Law Firm Management, 1984-2004

4 Feb ’05

The always interesting Bruce MacEwen has a post on trends 1984-2004 in law practice management, based on an article by John Smock, co-founder of Smock Sterling Strategic Management Consultants outside Chicago.  Money quotes:

  • "Law firms used to be in denial that they are businesses; no longer so.
  • Work of impeccably high quality was thought to be all that was needed to win clients; firms now recognize that’s merely the price of admission.
  • "Marketing" was a dirty word; although to some extent this remains the case, enlightened firms are realizing its true value if it is premised on a keen  understanding of client needs.
  • "Finally, law firm management was just not very good—primarily because it did not have to be," but now management is far more professional and non-lawyers play pivotal roles.

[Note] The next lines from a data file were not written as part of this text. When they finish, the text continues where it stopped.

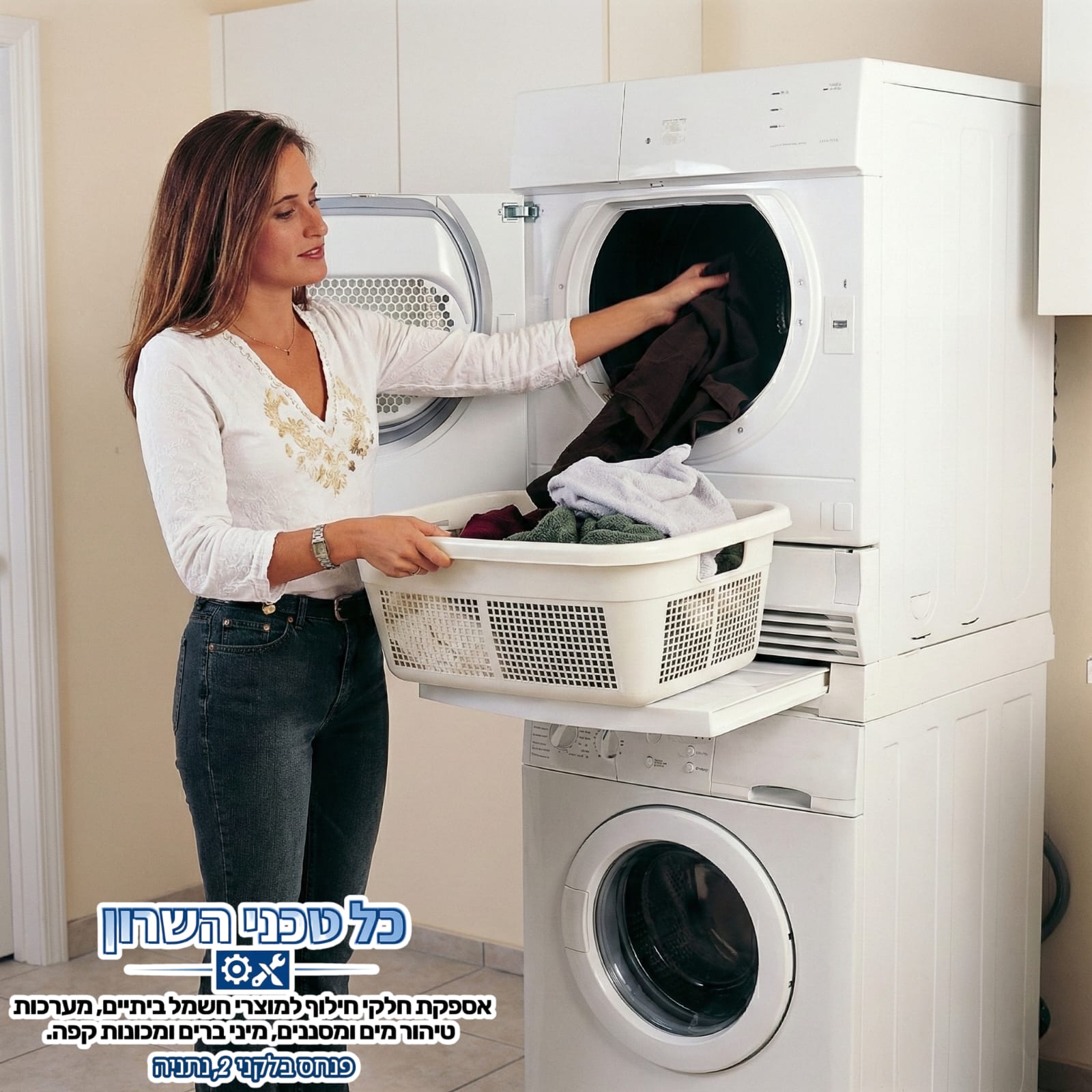 שימוש: הצבת מייבש מעל מכונת כביסה
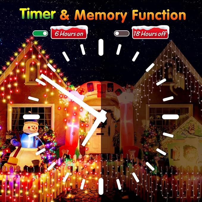 - 【Timer and Memory Function】Our waterproof string lights are equipped with a timer . The timer feature enables you to schedule automatic on and off times for the lights, helping you save energy and ensuring they remain illuminated as needed. Meanwhile, the memory function retains the last lighting mode you used, eliminating the need for frequent adjustments. This enhances the convenience and efficiency of managing your outdoor decor, offering hassle-free operation .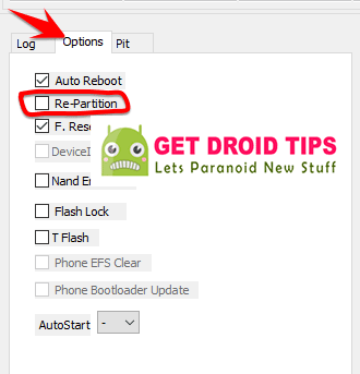 • Gehen Sie zu Option und sehen Sie, ob die Automatischer Neustart und F-Reset-Zeit ausgewählt oder nicht). Wenn nicht, wählen Sie diese beiden aus. Nicht auswählen neu partitionieren.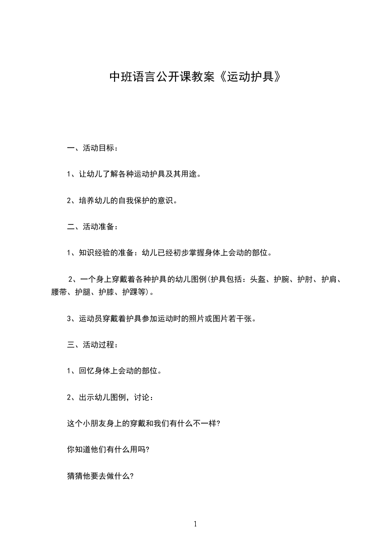 让幼儿体会到运动护具对运动安全的重要性,从而激发幼儿在运动中穿戴运动护具的积极性,提高幼儿在运动中的自我保护意识。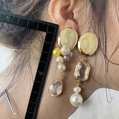 【1点物*】淡水パールアシメピアス クリームイエロー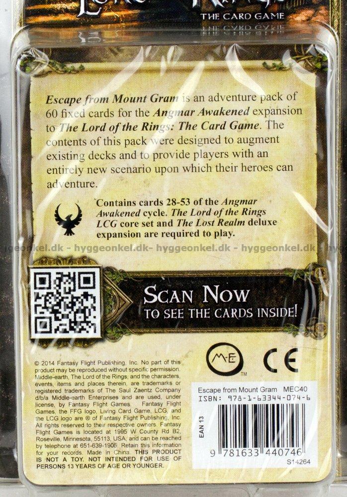 Escape from Mount Gram är en expansion till Lord of the Rings LCG. Här får du fler utmaningar för hjältarna i spelet.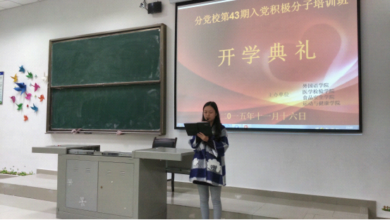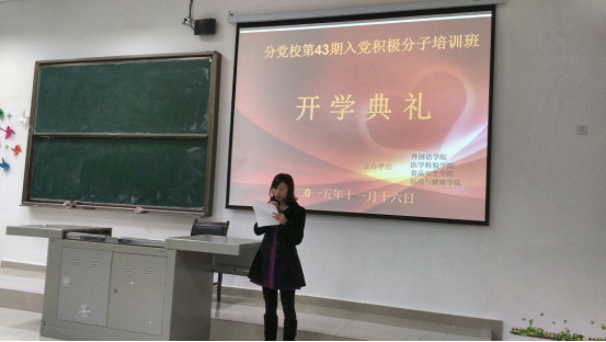 11月16日,由KK对战平台 、医学检验学院、食品卫生管理学院、运动与健康学院分党校合办的第四十三期入党积极分子培训班在花溪新校区顺利开班。KK对战平台 党委书记张婷婷、分党校办主任余小川及KK对战平台 30名入党积极分子参加了开班典礼。开班典礼由余小川同志主持,张婷婷书记对学员提出了学习要求,KK对战平台 罗利同学代表入党积极分子发言。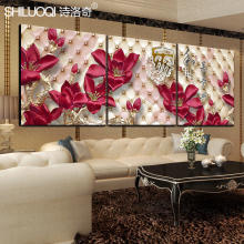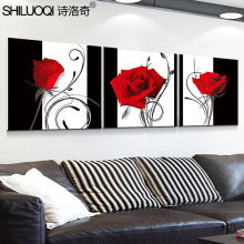 玫瑰花客厅水晶装饰画简约现代三联挂画婚房沙发电视背景墙壁画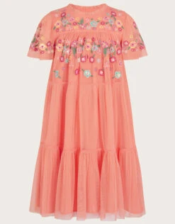 Perfectly paired with a sunny backdrop, this floaty dress is designed with a lighter-than-air tulle overlay for warm summer afternoons. The ruffle neckline and angel sleeves add a pretty finish, whilst the bodice is embroidered with a bouquet of mini florals. Fastens with a button on the reverse.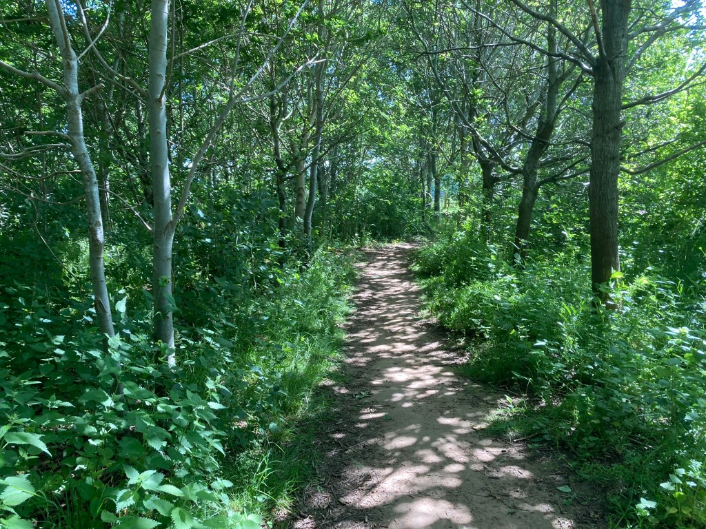 It was going to be a hot day so we were glad of the shade in the woodland as we left Nether Stowey. We were going to explore footpaths today, so armed with our trusty OS map and compass (oh alright, I’ve also got a trusty GPS as well as a trusty OS map on my phone) we headed down our first footpath. And came to a very overgrown orchard. We negotiated our way round only to be faced with an overgrown field. We headed for the road. The roads around here are quiet, and full of interest, although not much shade.

    What drove or forced these changes?

Competition."

I take the point that there is still resistance to marketing.  I think several reasons are behind this:

  • First, my years in big firms taught me that many people there don’t really like what they do; and many going through the system see the first 10 or so years as time to push through those years so they can get past the ‘unpleasant’ part and move on to being relationship managers, doing "high-level" thinking and taking meetings.  You can’t sell what you don’t love.  Not really.  And you certainly aren’t going to be driven if you don’t care deeply about what you do;
  • Second, life in the large firms is designed to teach you that you are really, really special.  And special people don’t like getting their hands dirty with the business of law;
  • Third, many lawyers were the quiet, bookish kids in school.  Try as hard as they can, through no fault of their own, they can’t sell.  Ever.  They need help;
  • Fourth, the large law firms don’t like marketing.  Not really.  Because it encourages competition.  And they don’t like competition.  Not really.  Because it drives prices down and creates the pressure to change.  And they don’t like price efficiency and change.  Not really.  That’s why lawyers have rules preventing us from comparing our prices or our services to each other (they are after all, instituted by bar associations that are heavily influenced by the large law firms).  Not to maintain a decorum, or to protect the administration of justice from disrepute.  Not really (you could adequately regulate this by simply prohibiting advertising that brought the administration of justice into disrepute).  No, we have these kinds of rules because they protect power from disruptive change.  They protect the old from the new.  And any industry that has rules to protect itself from the new cannot market.  Not really.